Syntheses of O-beta-D-galactopyranosyl-(1 leads to 3)-0-(2-acetamido-2-deoxy-alpha(and -beta)-D-galactopyranosyl)-N-tosyl-L-serine and their interaction with D-galactose-binding lectins.
Түлхүүр үгс
Хураангуй
In order to use, as hapten inhibitors against various galactose-binding lectins, the derivatives of O-beta-D-galactopyranosyl-(1 leads to 3)-O-(2-acetamido-2-deoxy-alpha-D-galactopyranosyl)-L-serine, which is the common core structure of sugar chains of most mucins, the synthesis of these compounds was investigated. Koenigs-Knorr condensation of the 4,6-O-benzylidene derivative of O-(2-acetamido-2-deoxy-alpha-D-galactopyranosyl)-N-tosyl-L-serine methyl ester with 2,3,4,6-tetra-O-acetyl-alpha-D-galactopyranosyl bromide gave O-(2,3,4,L-tetra-O-acetyl-beta-D-galactopyranosyl)-(1 leads to 3)-O-(2-acetamido-4,6-O-benzylidene-2-deoxy-alpha-D-galactopyranosyl)-N-tosyl-L-serine. Deacetylation, followed by acid hydrolysis of the benzylidene group, gave O-beta-D-galactopyranosyl-(1 leads to 3)-O-2-acetamido-2-deoxy-alpha-D-galactopyranosyl)-N-tosyl-L-serine. A beta anomer at the glycoside linkage of the 2-acetamido-2-deoxy-D-galactose residue was also synthesized by the same procedure. Agaricus bisporus (mushroom) hemagglutinin was found to recognize the O-alpha-glycosyl linkage between 2-acetamido-2-deoxy-D-galactose and L-serine, in addition to the O-beta-D-galactopyranosyl-(1 leads to 3)-(2-acetamido-2-deoxy-D-galactose sugar sequence, for which Arachis hypogaea (peanut) and Bauhinia purpurea hemagglutinins were found to be specific.

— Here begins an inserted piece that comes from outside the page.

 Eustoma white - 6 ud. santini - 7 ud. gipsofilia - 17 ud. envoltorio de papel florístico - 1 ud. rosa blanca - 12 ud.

Ricinus communis hemagglutinin is more specific for the O-beta-D-galactopyranosyl-(1 leads to 4)-2-acetamido-2-deoxy-D-glucose (commonly found in serum glycoproteins) than for the O-beta-D-galactopyranosyl-(1 linked to 3)-2-acetamido-2-deoxy-D-galactose sequence. With Wistaria floribunda hemagglutinin, not much difference in the inhibitory activities of these two sugar sequences was observed, and O-(2-acetamido-2-deoxy-alpha-D-galactopyranosyl)-N-tosyl-L-serine was the strongest inhibitor against this lectin.